I feel like I need to go through everything and throw out the things I don't need.
Last weekend I started with DVD's and books. I have 320 dvds now and that doesn't include the 32 that I'm never ever going to watch again that ggot put in a bin bag to go to the charity shop.
I got rid of 15 or so books. Those little gems on relationships that are supposed to help keep things running smoothy. They never did. If twisting myself into knots to be agreeable and "understanding" and behaving like a complete doormat wouldn't keep the man around, some crappy notion about Mars and Venus wasn't going to do much either. I get rid of the books on what to do when you get dumped again, because that path I'm now familiar with, I have my own way of dealing with it and it usually depends on the method of dumping. Fortunately in the last year I haven't had to worry because I haven't put myself at risk.
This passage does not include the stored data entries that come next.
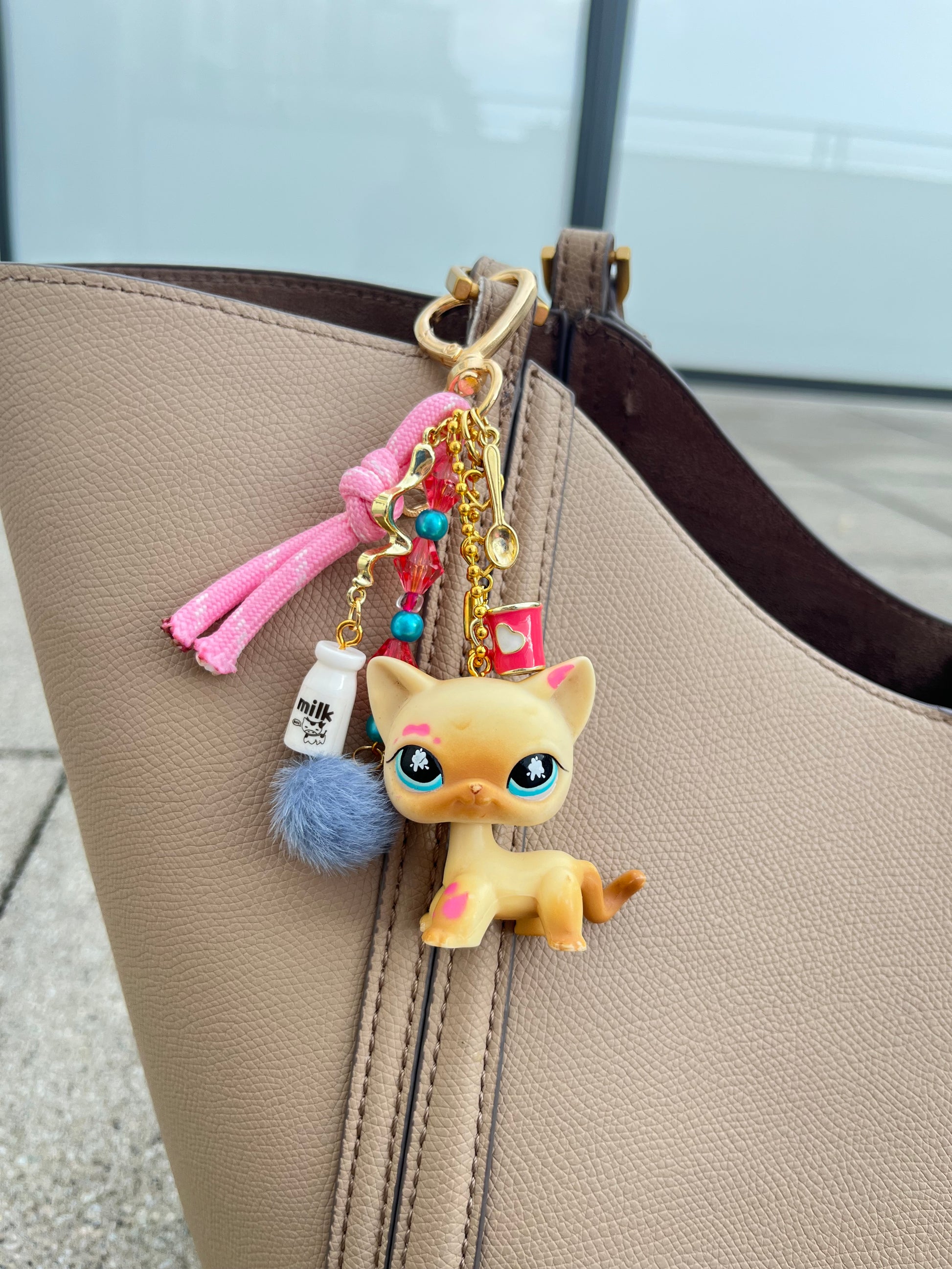 Avec ses taches roses et son regard tendre, Carlota fait fondre tous les cœurs 💕 Un charme tout doux à accrocher à ton sac 🐾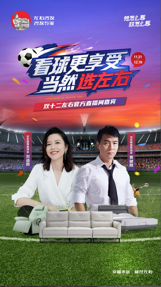 看球更享受,當(dāng)然選左右!除了會(huì)在直播間狂撒福利以外,11月21日-12月19日,左右沙發(fā)全國(guó)線上線下4000多家門店共同大放“價(jià)”,推出多款超值爆款、套餐,以超強(qiáng)力度給你帶來(lái)最實(shí)惠的一站式家居購(gòu)物新體驗(yàn)!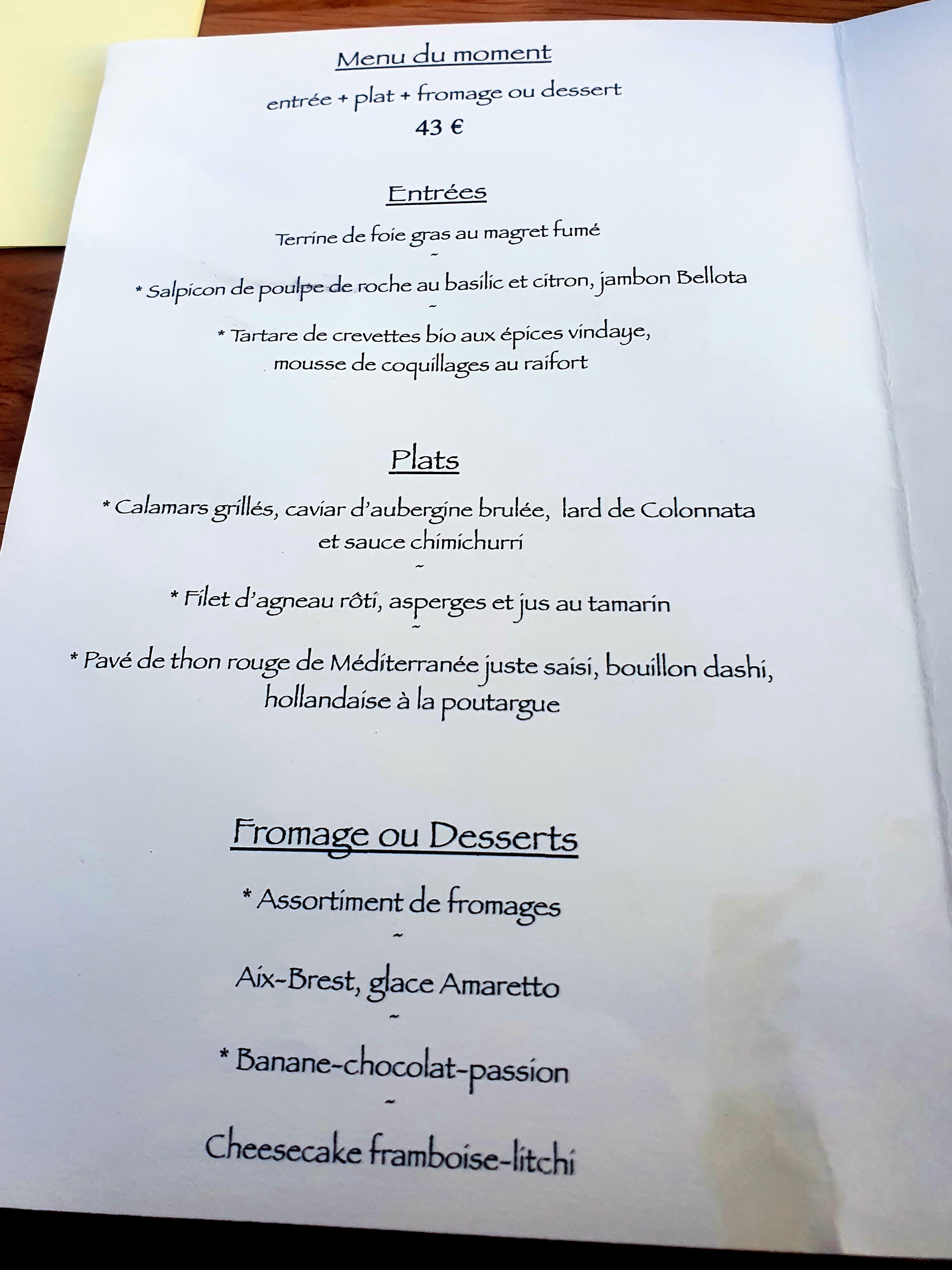 L'expérience était parfaite. Ma fiancée a choisi le menu préfixe et j'ai participé à la sélection du chef en 5 plats. Nos deux repas étaient 5 étoiles !!! Le service était également excellent, même s'il ne parlait pas un français approximatif, l'hôte était très patient et parlait en fait très bien anglais lorsque cela était possible. Je recommande ce restaurant car je pense que c'est l'un des meilleurs d'Aix-en-Provence !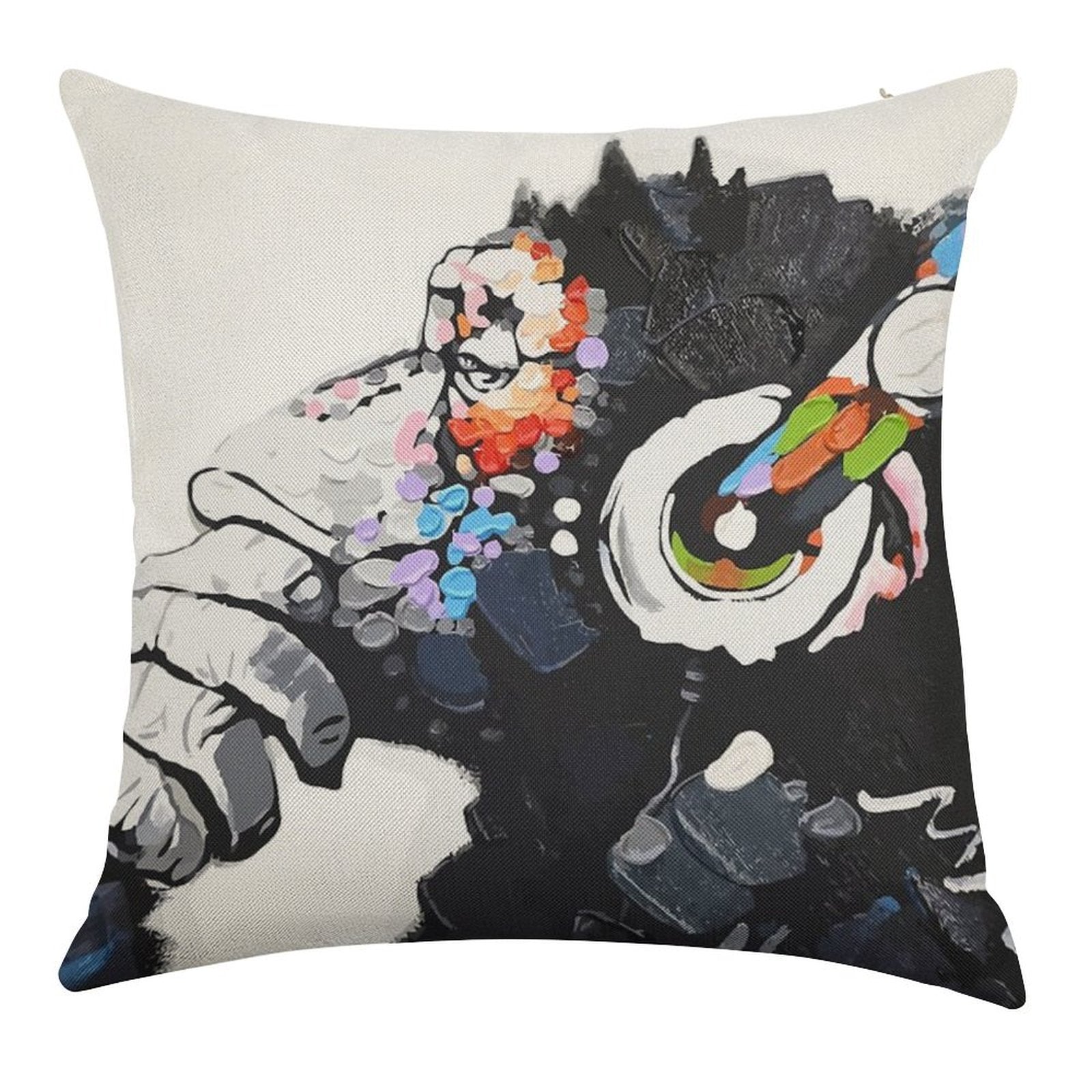 - Machine or hand washable (max 45°C). Avoid bleach and prolonged soaking to preserve the vibrant texture of your Banksy DJ Monkey Thinker with Headphones White Luxury Pillow Cover.

Books and DVD's done my bedroom is now substantially tidier. I spend probably 90% of my time at home in there so some space is nice, given that its little more than a nicely decorated, technically well equipped cell.
This leaves my wardrobes, drawers, handbags and shoe collection. I've been saying for months that I'd go through all of these and put it off every time. Its not a nice job. Its harder than with books or dvds because I know I can re-buy them if needs be. The clothes/shoes/bags are seasonal - once they're gone they're gone. But whats the point in keeping things I never wear? They may as well go to people who will use them, who need them more than I do.
But here's my worry.
What if I do all the sorting out, get rid of all the clutter and things I don't need and free up lots of space and don't feel any better?
I'm inclined not to take action at times, because if I don't (and this is the losers way out, I know) I can say "X isn't working, but I could do this if I wanted and that would probably fix it". I'm just sort of scared that if I do it and it doesn't, I'm even more stuck. No hope of moving forward or making change because I've tried and failed.
I have this attitude with fitness. I could be slimmer and more toned if I exercised. I'd probably feel better in myself and even be more attractive to the opposite sex...but what if I do it and I don't and I'm not? What then?
Its fear and I know I shouldn't let fear control my life on any level...I'm just weak at the moment.